Seeing as the Luxembourg Boxing Board have sanctioned the fight, they should be made to provide the fighters for the undercard.
I can’t imagine they’ll have a wealth of boxers to pick from so it’ll probably be some bloke punching a swan.
MANCHESTER City are the new Premier League champions. I’ll admit that it sticks in my throat a bit typing that.
Within minutes I was getting the text jokes about Owen Hargreaves injuring his neck as he leaned over to accept his winners medal.
Sheikh Mansour must be thrilled with his achievement of throwing money at something until it’s no longer rubbish.
And with the first phase of his plan now complete I believe he now wants to introduce salmon fishing to the Manchester Ship Canal.
I’M gonna do what the national newspapers constantly do in this country and totally ignore the fact there was a big rugby league game last weekend.
THE Olympic Torch was lit last week in a big fancy ceremony in Greece.

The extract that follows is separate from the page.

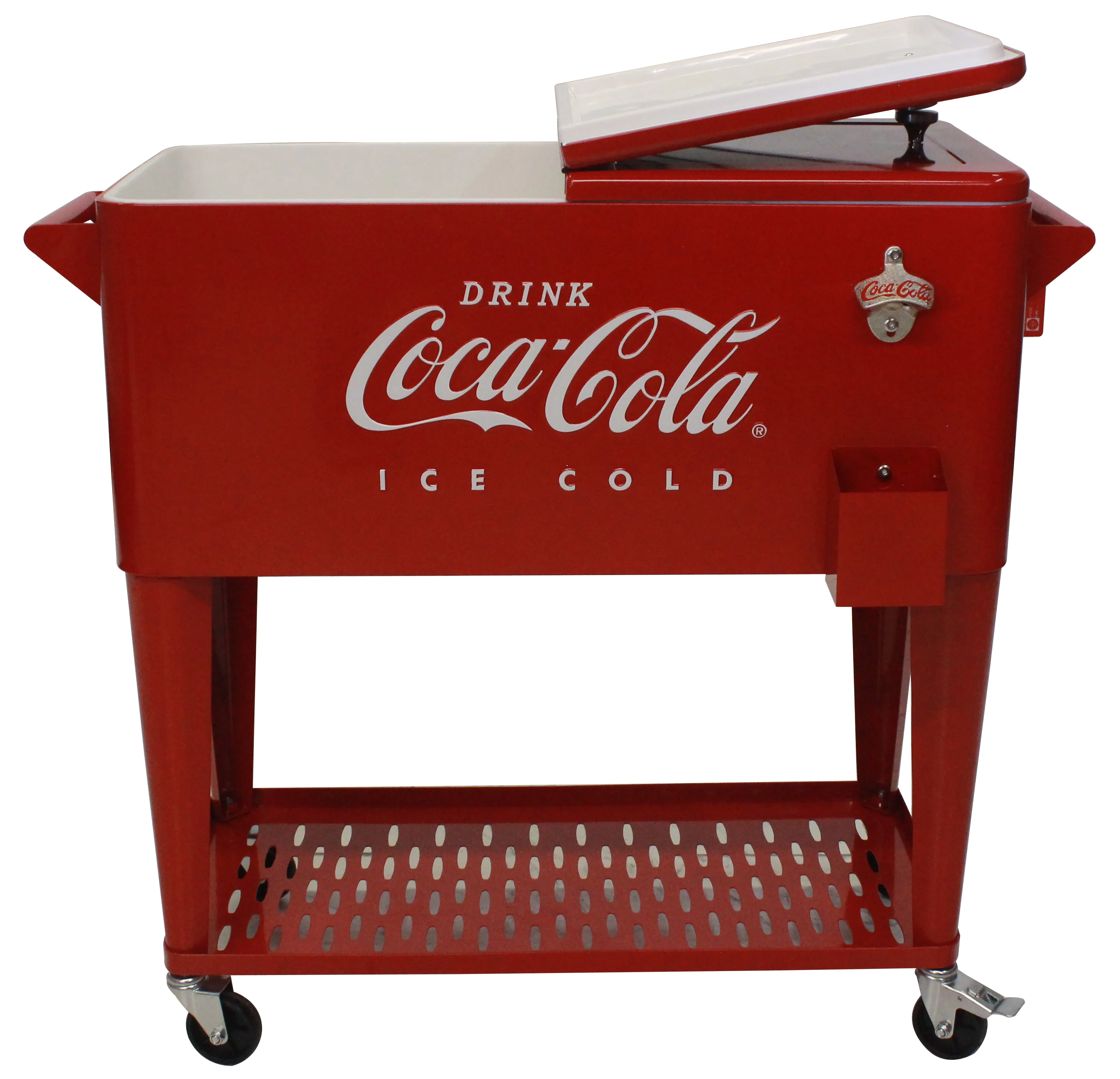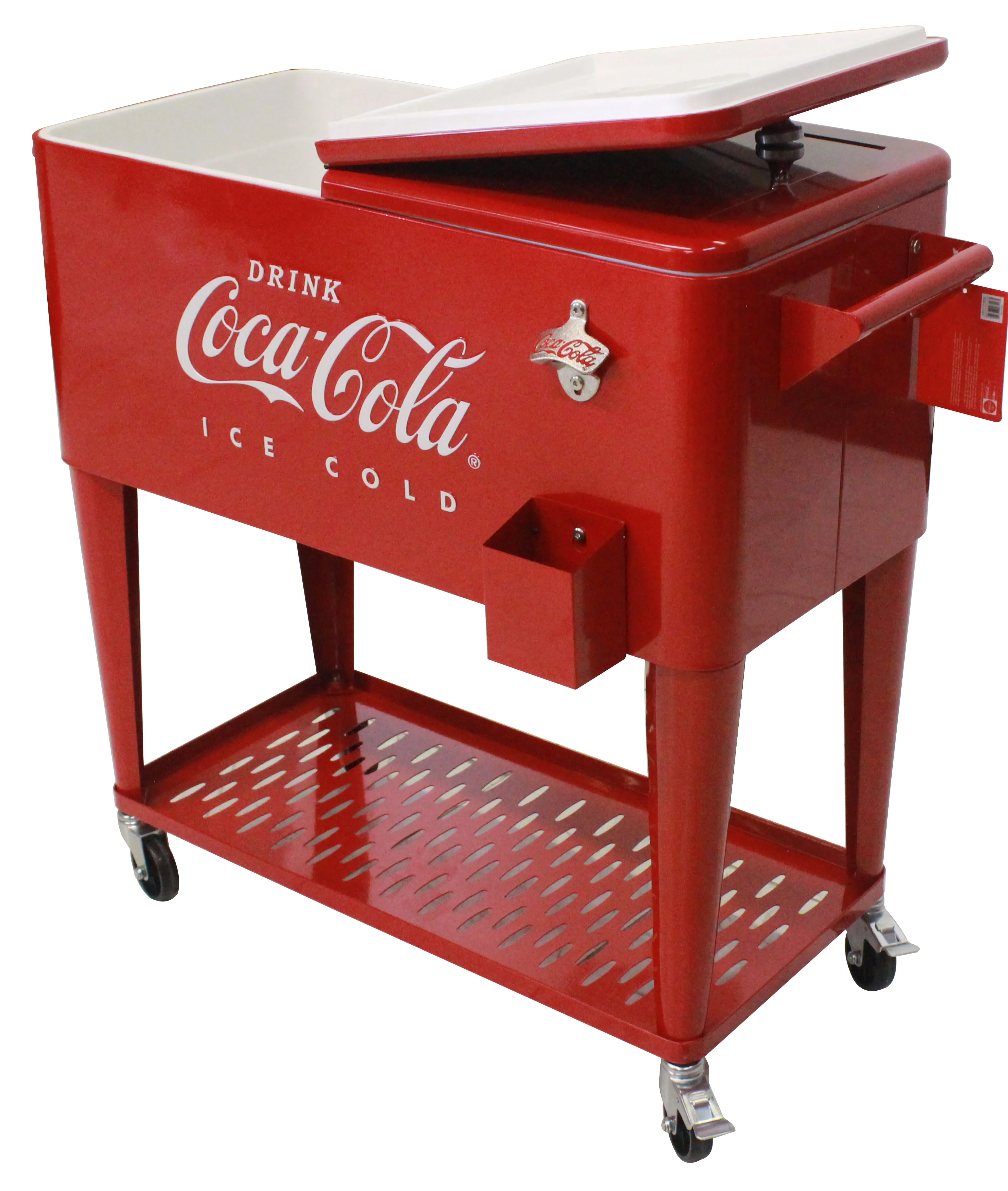 Get the party rolling with our Leigh Country CP 98126 Metal 80 Qt. Coca-Cola Outdoor Patio Cooler with Tray in red. This officially licensed Coca-Cola® cooler is a decorative solution for storing the drinks you plan to serve for your festivities. The removable double lid allows you to fill it with ice and beverages. Additionally, the interior compartment of this cooler has ample volume, and can hold up to 100 cans. Featuring a design inspired by the iconic Coca-Cola logo, this whimsical icebox is a union of classic charm and modern-day function. If you are serving brews in old-fashioned bottles, it comes with a built-in bottle opener and cap catcher. For an added touch of convenience, the red bar offers a place for you to hang a towel. This retro cooler has four casters for easy transport, and two of them can lock so the cooler stays in place when unattended. The netted tray helps with storing a variety of items. You can easily drain the melted ice after the party's over by pulling out the included plug.

An actress who played a high priestess, kindled the flame by catching the suns rays in a parabolic mirror ... them poor Greeks can’t even afford a box of matches now.
I really feel for them, as a regular visitor to Crete they are a lovely and very proud nation.

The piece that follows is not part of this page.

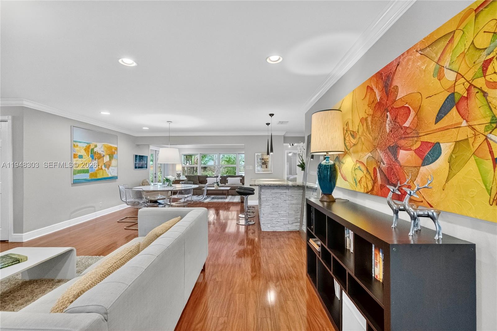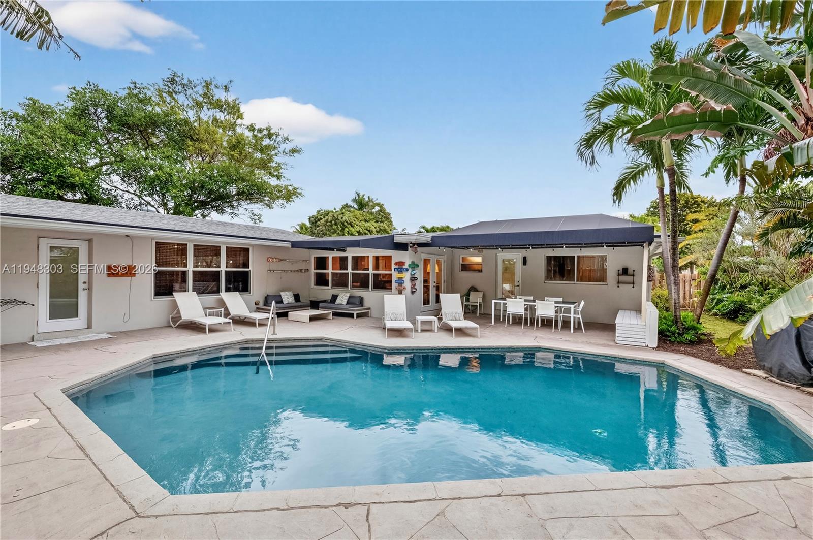 Impeccable 3-Bedroom, 3-Bath residence featuring two elegant primary suites, each with direct access to the poolside retreat. This beautifully maintained home showcases a gourmet kitchen with gas stove and wine cooler, along with expansive dining and living areas overlooking a stunning resort-style pool surrounded by lush tropical gardens, perfect for entertaining or everyday relaxation. Recent upgrades include a new roof, new driveway, and new pool water heater, while existing features include a saltwater pool system and all impact doors and windows, plus a garage for added convenience. Set on a generous corner lot just one mile from Commercial Beach, close to restaurants, cafés, and shopping. Offered furnished and equipped with a few exclusions. A rare opportunity, do not let it pass.

And they are extremely reluctant to take a bail out package to stave away bankruptcy.
Might I suggest a PPI claim? Everybody’s doing it. Take a look out your window now and see if anyone’s getting anything done to their house or have bought a new car, I bet you they’ve put a sneaky PPI claim in.
Even in Wigan, sales of plastic butterflies at the poundshops have gone through the roof. And them stupid eyelashes for cars, what’s all that about?
“HAW he haw he haw”, “Hee haw hee haw he haw”, “Haw he haw he haw”....”Hee haw hee haw hee haw”. The difference in the accent between French and English donkeys is very subtle isn’t it? Apologies for that dreadful observation.